Loss of Western know-how. This has happened in key sectors such as technology and energy. For example, Rosneft alone has had to spend almost $10 billion more on capital expenditure over the past year, according to its own figures, which amounts to about $10 in additional costs for every barrel of oil exported, in addition to the difficulties of continuing its Arctic oil drilling projects, which have relied almost entirely on Western technology and expertise.
Virtually complete cessation of foreign direct investment in Russia. Foreign direct investment (FDI) in Russia has almost completely ceased for a number of reasons. In the 22 months following the invasion, there was only one month of positive FDI inflows, compared to approximately $100 billion in FDI annually before the war.

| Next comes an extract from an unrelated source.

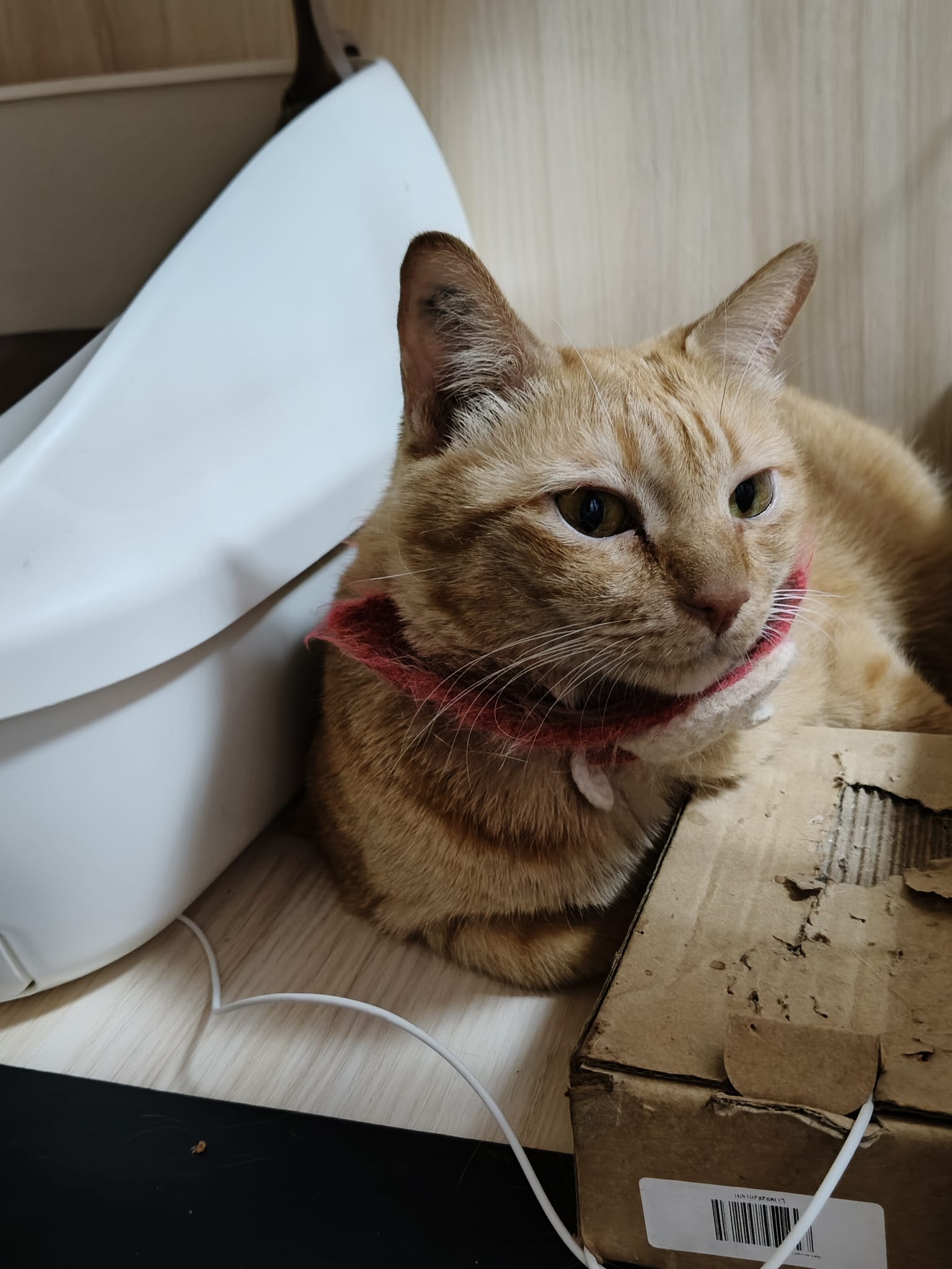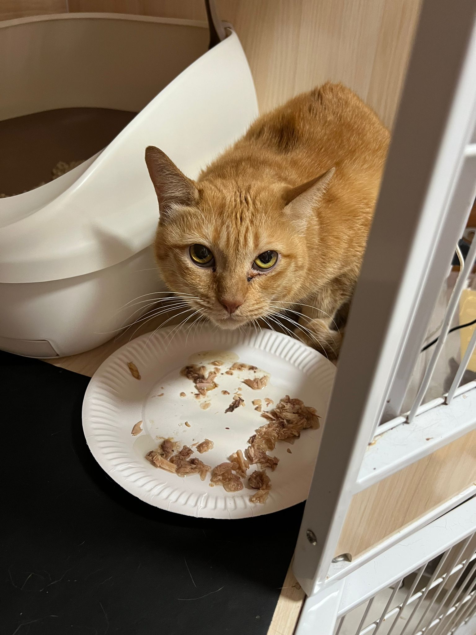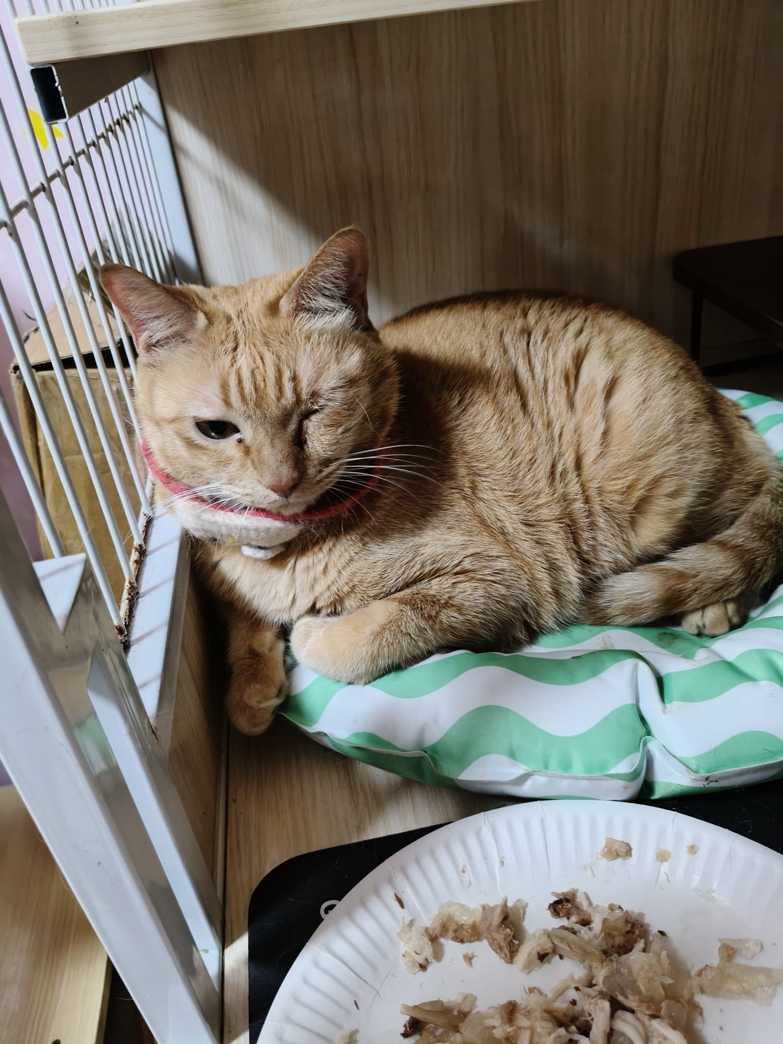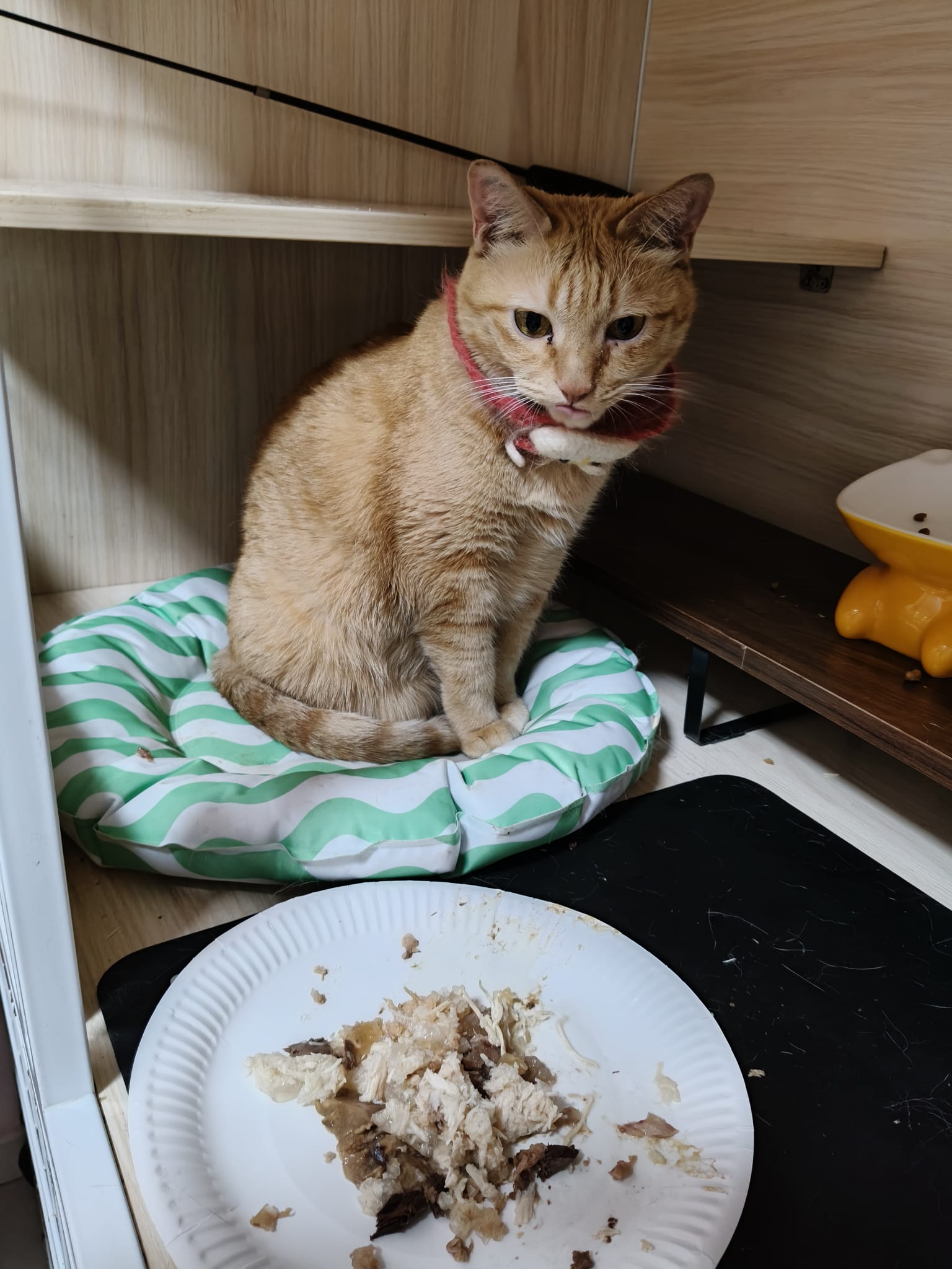 1pm+: I’m back from buying stuff for them, I buy a cute orange cat bowl for her. She is happier nowadays. Will run to both rooms. She is very ok w all the Orange cats. Just now wanna buy tear stain removal for her but no expiry so better not buy.

Loss of the ruble as a freely convertible and exchangeable currency. With global multinational corporations fleeing in droves, there was little to stop Putin from imposing unprecedented and severe capital controls on the ruble after the invasion, such as banning citizens from sending money to bank accounts abroad; suspending cash withdrawals from dollar-denominated bank accounts of more than $10,000; forcing exporters to exchange 80 percent of their profits for rubles; suspending direct conversion of dollars for individuals with ruble bank accounts; suspending direct currency exchange for rubles; suspending exchange for rubles. Not surprisingly, ruble trading volumes have fallen by 90 percent, making Russian assets denominated in rubles virtually worthless and untradeable on world markets.
Loss of access to capital markets. Western capital markets remain the deepest, most liquid, and cheapest source of capital for financing businesses and taking risks. Since the invasion, no Russian company has been able to issue new shares or new bonds in any Western financial market. And with the flight of multinationals, Russian companies have no alternative sources of financing and no global investors to attract.

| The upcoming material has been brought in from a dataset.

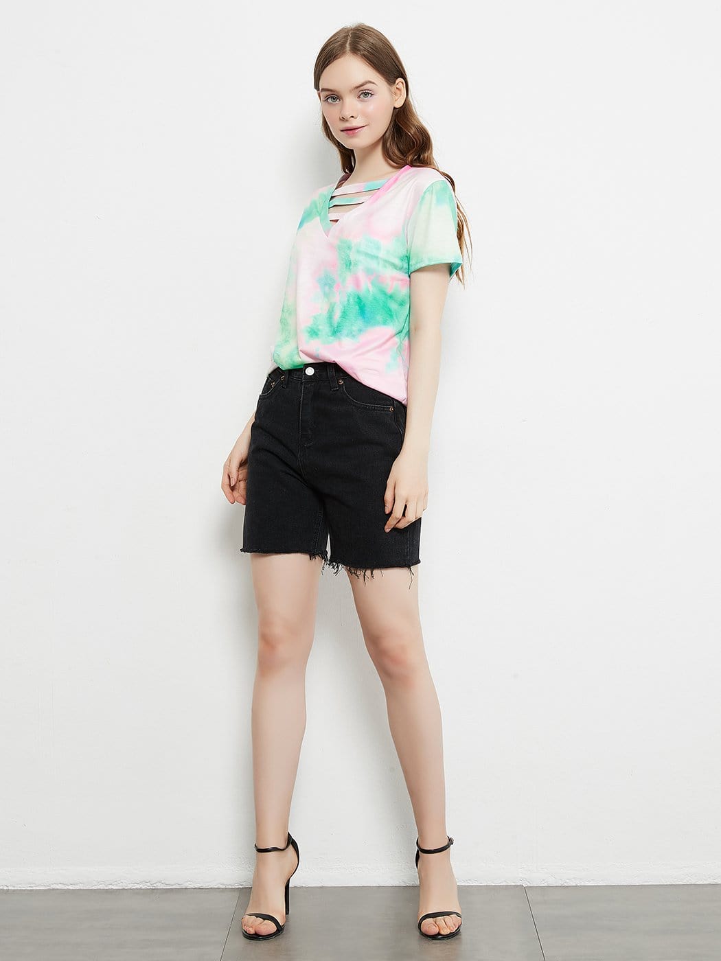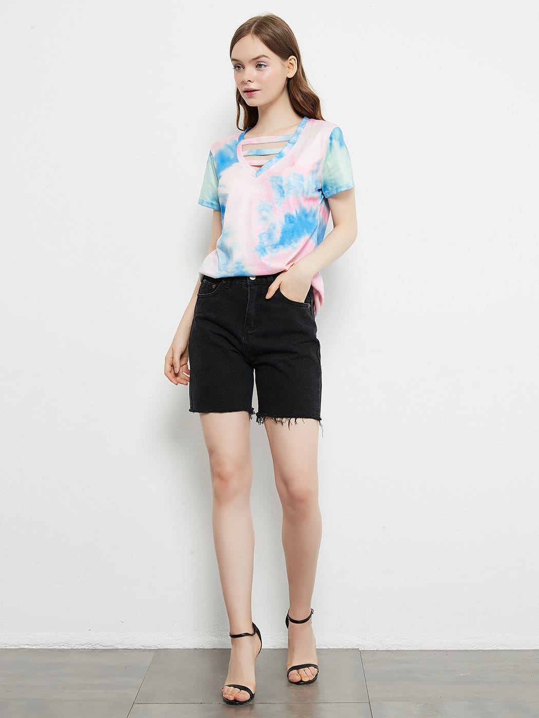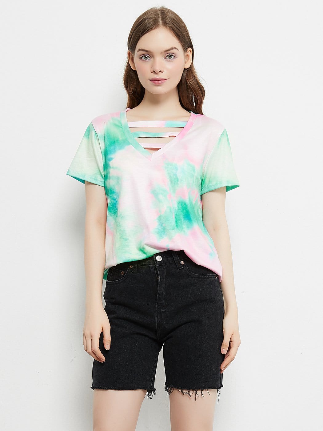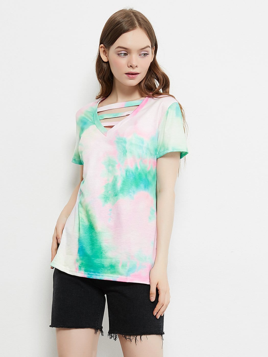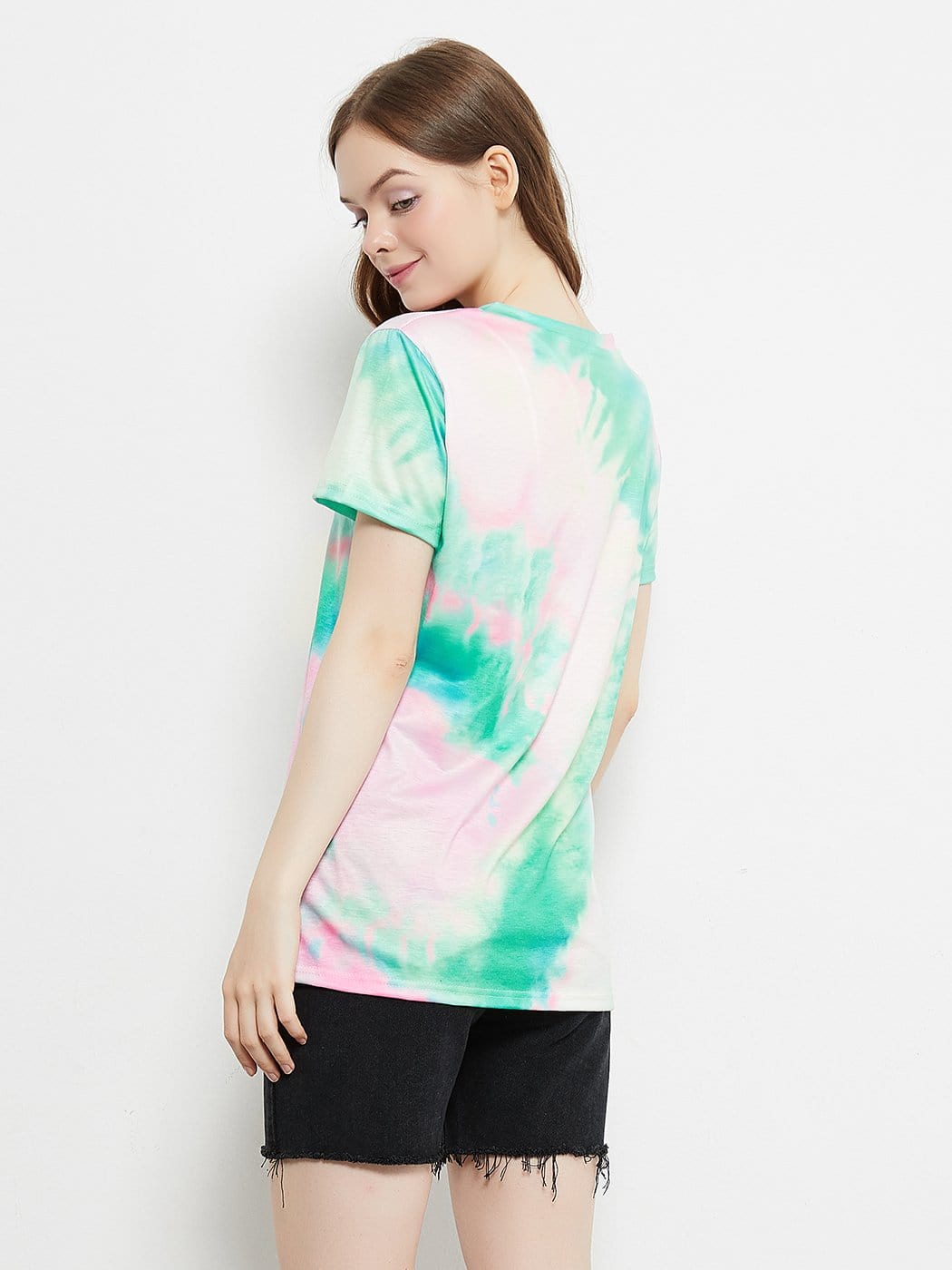 Tie Dye Printed Stripe V-Neck Stretch Short Sleeve Casual Loose Tops T-shirts
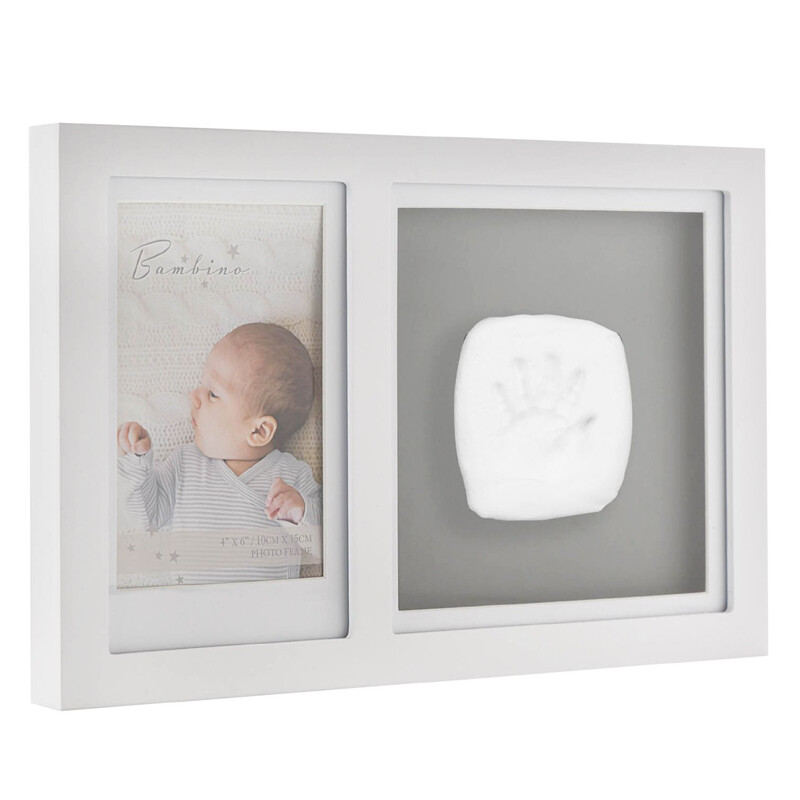 Ikuista pienokaisen käden- tai jalanjälki kehykseen. Paina lapsen jalan ja/tai kädenjälki pakkauksen mukana tulevaan kipsimassaan.

Asset values plummet. Partly due to the mass exit of global multinationals, asset values in Russia have plummeted across the board, with even the total value of some state-owned enterprises falling by 75 percent from pre-war levels, according to our research. The Times reports that many private sector assets have fallen by 50 percent.
These are just some of the costs Putin has had to bear in the wake of the withdrawal of over 1,000 global companies; and that’s without taking into account the devastating impact on the Russian economy of economic sanctions, such as the highly effective cap on oil prices imposed by the U.S. Treasury. Energy accounted for more than two-thirds of Russian exports, and now that figure has been halved. Russia, which has never supplied finished goods—industrial or consumer—to the global economy, is paralyzed. It is not even remotely an economic superpower; virtually all of its raw materials are easily replaceable from other sources. The military machine is powered only by cannibalizing enterprises that are now state-controlled.
Judging by our big economic data, the verdict is clear: an unprecedented historic withdrawal by more than 1,000 global companies has helped cripple Putin’s war machine. At such a difficult time for Ukraine, it would be a mistake to be too optimistic—just as it would be a mistake to be too cynical.